ALSO–If you took one hour to listen to THIS INTERVIEW, which is referenced below, I PROMISE you’ll be so exceptionally glad and inspired. Best thing I’ve heard in a year.]
Dear [beautiful friend],
We’re slotted to talk on Tuesday night and it’s Sunday night now. I can’t wait. I’ve been trying to write “blog posts” all day about… well, basically about everything in that permaculture interview you sent me with Ethan Huges in MO.
It’s wild… the more I leap (or tip toe) into the territory of my heart’s true call, the more hopeful I feel, the more powerful and alive. Does that happen for you, too?
Once I got rid of my prices for my business (isn’t that funny that business has “busi” in it?)… okay, anyway–once I dropped my prices, my whole world opened up. Not only do I have more clients than ever before, but I LOVE talking about sacred economics with them when we begin working together. It’s actually my FAVORITE part of my whole job right now, and that feels telling in terms of the direction I ought to keep moving in.
I love saying to people that I trust them and their inherent worth irregardless of how much money they have or give me. I love telling them that it’s a gift to be present with them in such an intimate place. I love how TRUE it feels to say, and how saying it makes it feel MORE true. I love the transformation that happens in those first two minutes alone. I love that already there’s a wholehearted trust that simply could not be bought, but could only be given in the safety of deep generosity. I love that this is my practice and the people who find me, find me because it’s their practice, too–to unwind from the myth that we can be bought and sold. That life is all about commodification of soul.
I’m writing this to you because I get the sense that you understand the kind of momentum that wild devotion like this builds. And then also the necessity to remember to still move at a natural pace, and not try to force the next sunrise.
I imagine a sunrise of sacred economics becoming a widespread “money modality” in the coaching industry. I imagine teaching and writing on the topic–doing my part in an industry that’s ripe with idealism and spirituality, but less full of models for alternative economic structures that work.

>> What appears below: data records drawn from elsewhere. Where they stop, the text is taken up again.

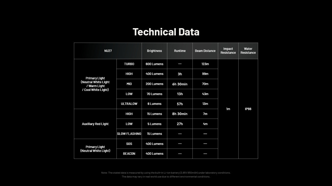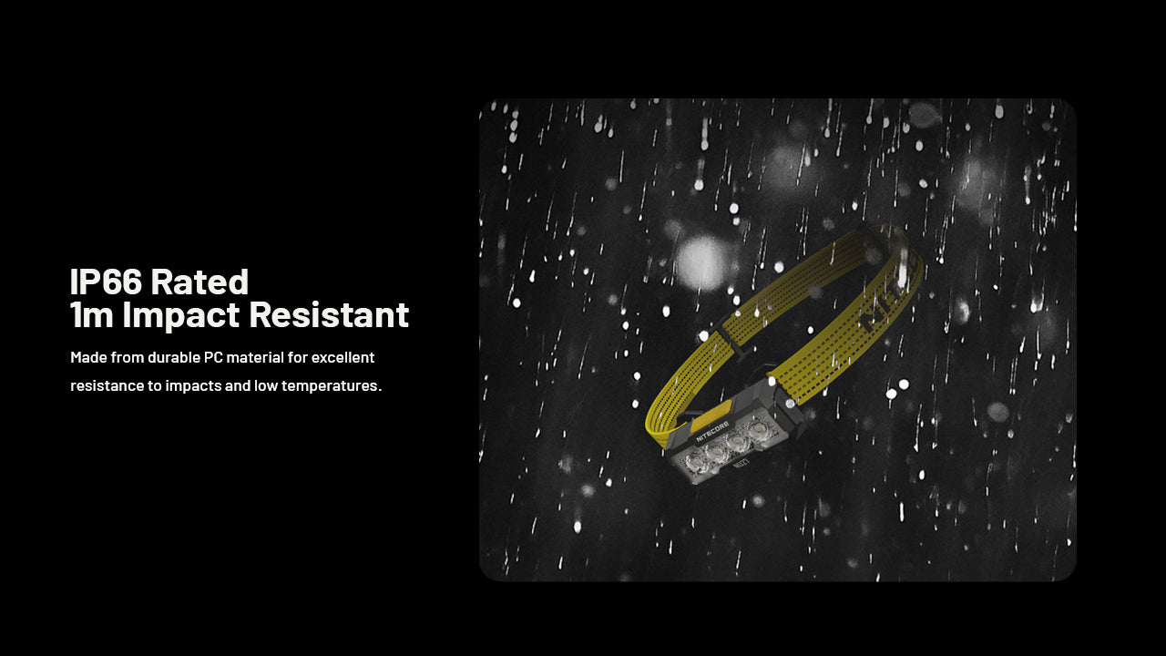 The IP66-rated water resistance and impact resistance up to 1 meter provide reliable durability in harsh outdoor conditions, making the NU27 the perfect headlamp for those who need a lightweight, high-performance solution for challenging environments.
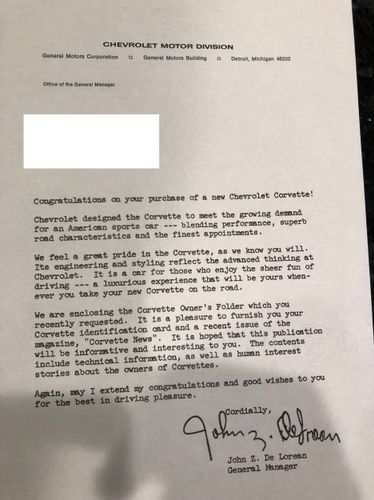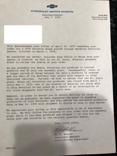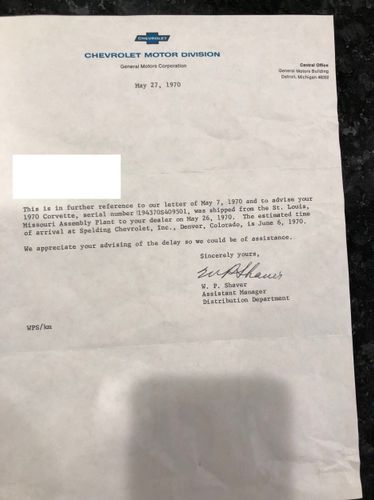Offered by Cars Remember When is this one owner unrestored 1970 Corvette that is a very well documented Colorado car with low miles. The current title is dated 1987 and states 96,000 miles, meaning it was driven ruffly 2000 miles in the last 30 years! The paint is in good condition and shows very well. The black vinyl interior is completely original and in excellent shape, the seat covers, carpet and dash all look very clean. Complete with two sets of t-tops; the one photo'd and a glass set. This is a prime collector car that has withstood the test of time and will continue to appreciate in value. Included are letters from GM's 1970 general manager John De Lorean congratulating the owner on his Corvette purchase. Additional letters follow explaining a delay in production due the current GM strike (see end of photo gallery).
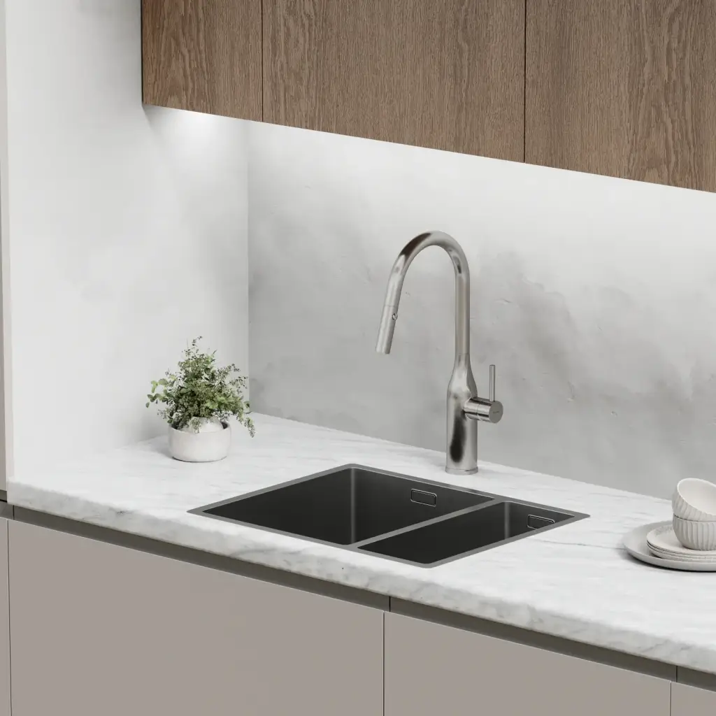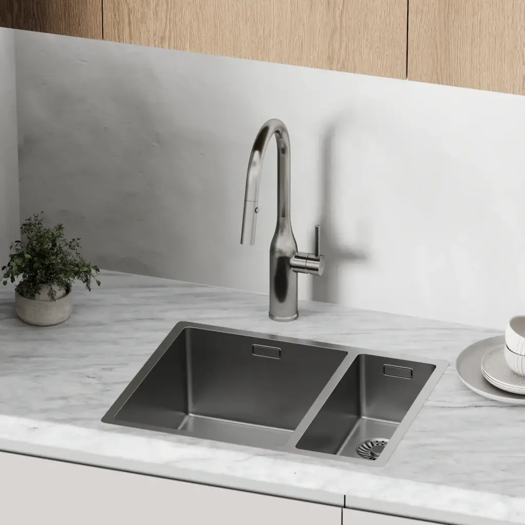 Смеситель для кухни SANCOS Гранд (Grand) с вытяжным изливом, цвет вороненая сталь, арт. SC4002GG
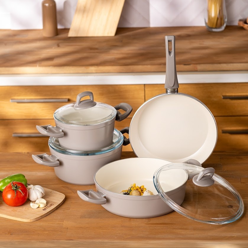 Emsan Swiss Crystal 7 Parça Tencere Seti, zarif bej rengi ve üstün pişirme performansıyla mutfağınıza estetik ve kullanım kolaylığı sunuyor. İndüksiyon hariç tüm ocak tipleriyle uyumlu olan bu set, yemeklerinizi eşit ısı dağılımıyla mükemmel şekilde pişirmenize yardımcı olur.
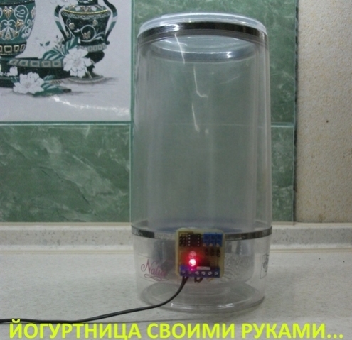 Корпус йогуртниці в моєму випадку це пластиковий термо футляр для подачі пляшок вина або мінеральної води на стіл (валявся без діла), ємністю для йогурту служить пластикова вимірювальна колба на 1L для харчових продуктів. Розсіювачем тепла служить алюмінієвий радіатор від транзистора розміри 7х7х4 см (застосував те, що було, а можна було застосувати і шматок металевої пластини). Нагрівальні елементи - три 5 ватні керамічні резистори. Джерело живлення це блок живлення на 19V 3A від ноутбука, але для живлення моєї йогуртниці цілком вистачало б і блок живлення на 12V і 1-2А, але такого в господарстві не знайшлося. Після того як всі необхідні матеріали були зібрані, і загальна картина стала ясна, взявся за розробку автоматичного модуля, що вміщує два пристрої в одному флаконі, таймер і термостат, і буде серцем і мізками йогуртниці. Модуль виготовлений на базі мікроконтролера, а як інакше? У світі без них ніяк. Написав прошивку, перевірив у "залізі", виправив кілька разів, оптимізував доки не досягнув потрібного результату, зібрав модуль, встановив його, і зібрав усі компоненти разом. Після цього купив закваску та молоко. Я думав що перший млинець вийде комом, тому що налаштування ще не були зроблені, але десь раз на годину коригував температуру, і вранці скуштував йогурт, це був смачний свіжий йогурт - і порівняти його з магазинним гріх. Як то кажуть: Правильні бджоли – роблять правильний мед.

I imagine leading and guiding without radical exclusiveness or negativity toward the status quo, but with love and encouragement that anyone can come and create a little more sacredness, a little more naturalness around money, in a way that feels good and natural to them.
I imagine a sunrise of living somewhere where I can continue feeling the joy and aliveness of generosity and naturalness in community, in love, in home, in communion with the earth.
I imagine making gorgeous movies of people like you turning lawns into farms… I imagine a whole generation of lawns turning the page of a new humanity.
My dreams grow so large, so quickly. I’m like a massive weather system–a whole coastal storm. But I’d like to be a storm of possibility–like a crisp fall day, sunshiney and inspiring. I’d like to awaken the dreamers in humanity and give them simple real tools to become alive and joyful doers.
I feel like I’m becoming the integrated revolutionary I’ve always wished for. Spirit and practice. Politics and poetics. Intimacy and infastructure. Land and new language for understanding an ancient way.
I know you are a brother in this movement… and those words don’t seem loving or beautiful enough to express what I truly mean, which is: thank you. Thank you for being someone who is devoted to the path of natural joy and love. It helps me so much just to know you’re out there being you.
I miss you. I love you. I respect and admire you. I think of you in wonderful motion–connecting dots and people, seeds and earth, opportunity and action. And doing so with kindness and care.
I won’t pretend that tonight, in particular, I’m not wondering how our heart paths would cross if we were closer to each other on the Earth. I’m not beyond or above my want for a partner in magic.
When you visited I was days out of a pretty monumental break up and months away from the courage of more natural joy. I think I felt your altruism, your raw humble approach to life, and felt scared. I still have heaps of fear, of course, but I know now more than ever that there’s a magic in simplifying and decommodifying–and I want to continue surrendering to the security of the Earth and genuine relating, over the security of the dollar bill.
I must do so slowly and gently (and joyfully!) for even writing those words, my core shakes and rattles a bit. What–that I cling to now with such fury, addiction and fear–will I slowly and gently begin to unclench from the more I lean into the simple natural easy difficult brave love that wants to live through me?
I don’t know. But I want to find out. And I’d love to count you as a friend and confidant on the journey.
Thank you for your courage and your heart. I think of you often with appreciation and deep gladness.